Darren Bloor

Personal information
- Born: 5 February 1963 (age 62) Oldham, England

Playing information
- Position: Scrum-half
Club
| Years | Team | Pld | T | G | FG | P |
| 1983–88 | Salford | 142 | 46 | 0 | 4 | 188 |
| 1988–89 | St Helens | 27 | 7 | 0 | 1 | 29 |
| 1989 | Swinton | 7 | 0 | 0 | 0 | 0 |
| 1990 | Salford | 1 | 0 | 0 | 0 | 0 |
|  | Total | 177 | 53 | 0 | 5 | 217 |
- Source:

= Darren Bloor =

British rugby league footballer

Darren Bloor (born 5 February 1963) is an English former rugby league footballer who played as a in the 1980s and 1990s. He spent most of his professional career with Salford, but also played for St Helens and Swinton.

==Playing career==
Born in Oldham, Bloor played rugby league in his hometown for Oldham St Annes, and also represented Great Britain at amateur level. He turned professional in August 1983, signing with Salford. He established himself as the club's first choice scrum-half during the 1984–85 season, and went on to make almost 150 appearances for the club.

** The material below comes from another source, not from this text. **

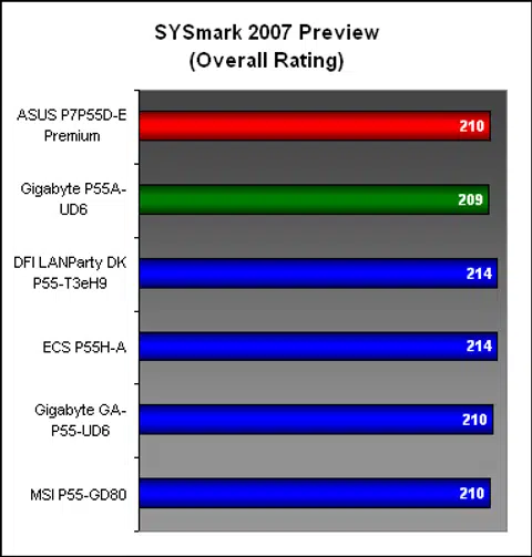 The two new boards performed as expected in our system benchmark suite. The numbers were marginally off the top scorers but it was a very slight difference. The further results breakdown showed that these numbers were typical of these P55 boards, with the ASUS doing better than the rest in Productivity but less so in 3D.

He scored 14 tries in the 1985–86 season, impressing enough to earn a call-up to the 29-man Great Britain training squad in preparation for the upcoming 1986 Kangaroo tour. Despite a strong performance in a trial game, he was ultimately not selected for any games in the Test series against Australia.

In 1987–88, he helped Salford reach the Challenge Cup semi-final, but was set to miss the game due to suspension. The ban was later successfully appealed, but he could not prevent the team's defeat to Wigan at Burnden Park.

In October 1988, Bloor was transferred to St Helens for a fee of £75,000, and made a try-scoring debut against Wakefield Trinity a couple of days later. He made his final appearance for the club in the 1989 Challenge Cup final at Wembley, coming off the bench in a 0–27 defeat against Wigan.

Bloor moved to Swinton the following season, before returning to his former club Salford a few months later. In April 1991, Bloor was diagnosed with cancer. Although the disease went into remission after treatment, he did not return to playing rugby league.